Red material on the large moons of Uranus: Dust from irregular satellites?

TL;DR

This study investigates the origin of red material on Uranus's large moons, proposing that dust from irregular satellites causes observed surface reddening and compositional trends, supported by new spectral data and modeling.

Contribution

The paper presents new spectral observations of Uranus's moons' northern hemispheres and supports the hypothesis that irregular satellite dust causes surface reddening and compositional variations.

Findings

Red material is predominantly on southern hemispheres, but trends are consistent across hemispheres.

Spectral data suggest complex organics and amorphous pyroxene as reddening agents.

New spectra in 2.9-4.1 microns range provide novel insights into moon surface composition.

Abstract

The large and tidally-locked classical moons of Uranus display longitudinal and planetocentric trends in their surface compositions.
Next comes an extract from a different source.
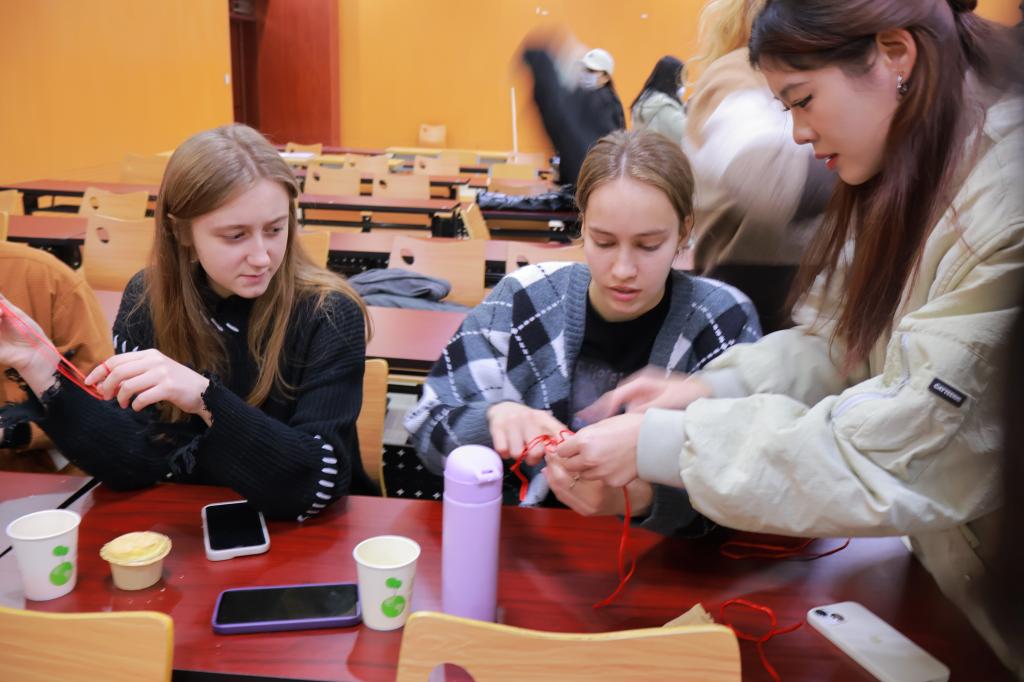 此次活动旨在增进太阳集团tyc151cc中国员工与职工的友谊交流,同时展示中国优秀传统文化的魅力。活动开始,23汉教的同学们轮流献上精彩的演出,一首《最炫民族风》让现场气氛高涨,中国古代文化吟诵《一剪梅》等节目让现场的观众感受到了中华文化的独特魅力,同学们收获满满。随后,剪纸非遗传承人张建志老师和他的助理徐延芳老师向全体参与活动者展示了复杂美丽惟妙惟肖的剪纸作品,同学们积极地向老师提问,现场互动格外活跃,同时他们还体验了如何编织中国结,体验之余,《你画我猜》《abcd》《大小西瓜》等游戏依次展开,同学们在活动中展现才华和热情,也在互动中加强与各国青年的友谊交流。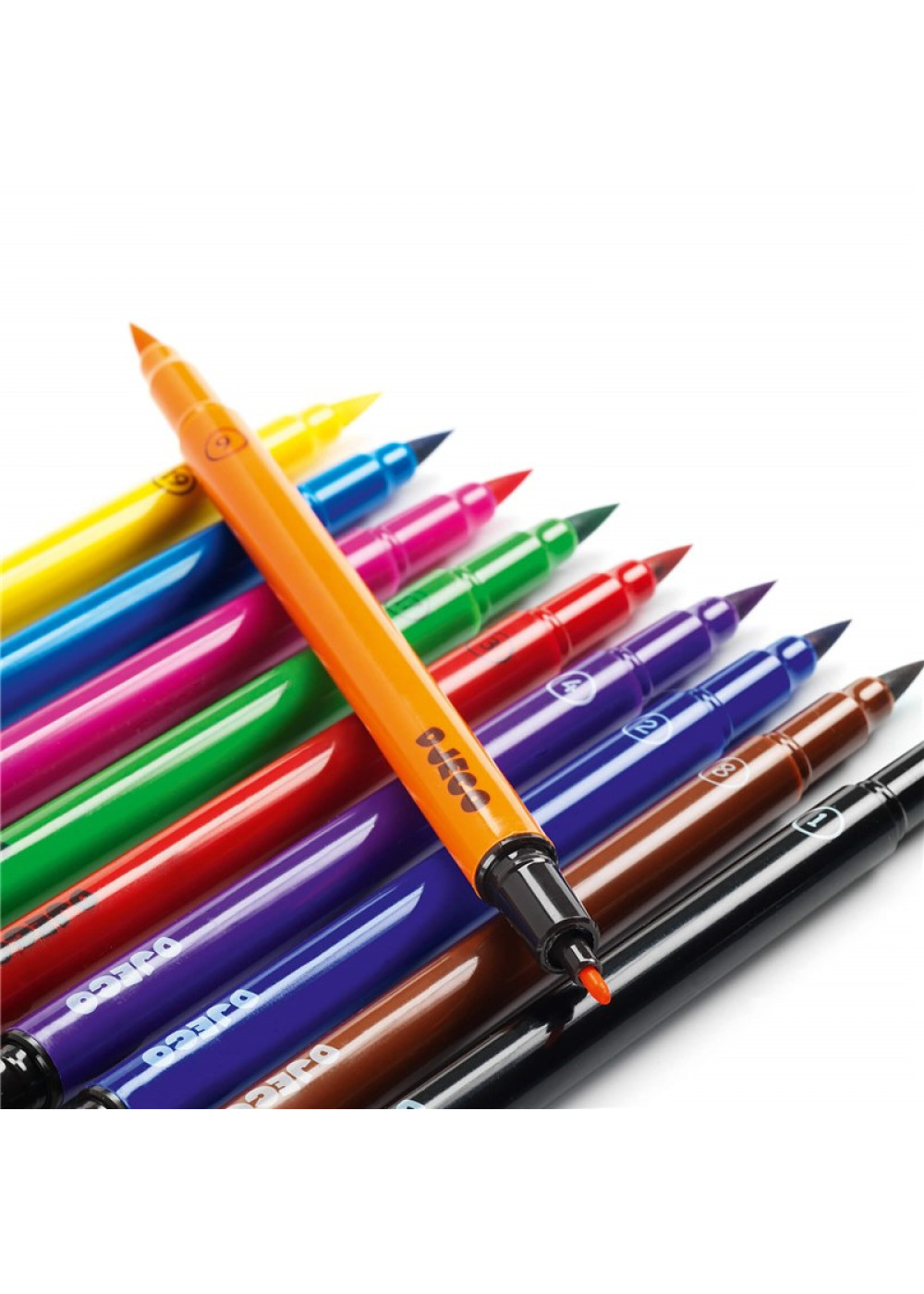Contenido: 10 rotuladores de doble punta (fina + pincel): negro, violeta, azul ultramar, azul, amarillo, naranja, rosa, rojo, verde y marrón.

Spectrally red material has been detected primarily on the leading hemispheres of the outer moons, Titania and Oberon. Furthermore, detected H2O ice bands are stronger on the leading hemispheres of the classical satellites, and the leading/trailing asymmetry in H2O ice band strengths decreases with distance from Uranus. We hypothesize that the observed distribution of red material and trends in H2O ice band strengths results from infalling dust from Uranian irregular satellites. These dust particles migrate inward on slowly decaying orbits, eventually reaching the classical satellite zone, where they collide primarily with the outer moons. The latitudinal distribution of dust swept up by these moons should be fairly even across their southern and northern hemispheres. However, red material has only been detected over the southern hemispheres of these moons (subsolar latitude 81 S). Consequently, to test whether irregular satellite dust impacts drive the observed enhancement in reddening, we have gathered new ground-based data of the now observable northern hemispheres of these moons (sub-observer latitudes, 17 to 35 N). Our results and analyses indicate that longitudinal and planetocentric trends in reddening and H2O ice band strengths are broadly consistent across both southern and northern latitudes of these moons, thereby supporting our hypothesis. Utilizing a suite of numerical best fit models, we investigate the composition of the reddening agent detected on these moons, finding that both complex organics and amorphous pyroxene match the spectral slopes of our data. We also present spectra that span 2.9 to 4.1 microns, a previously unexplored wavelength range in terms of spectroscopy for the Uranian moons.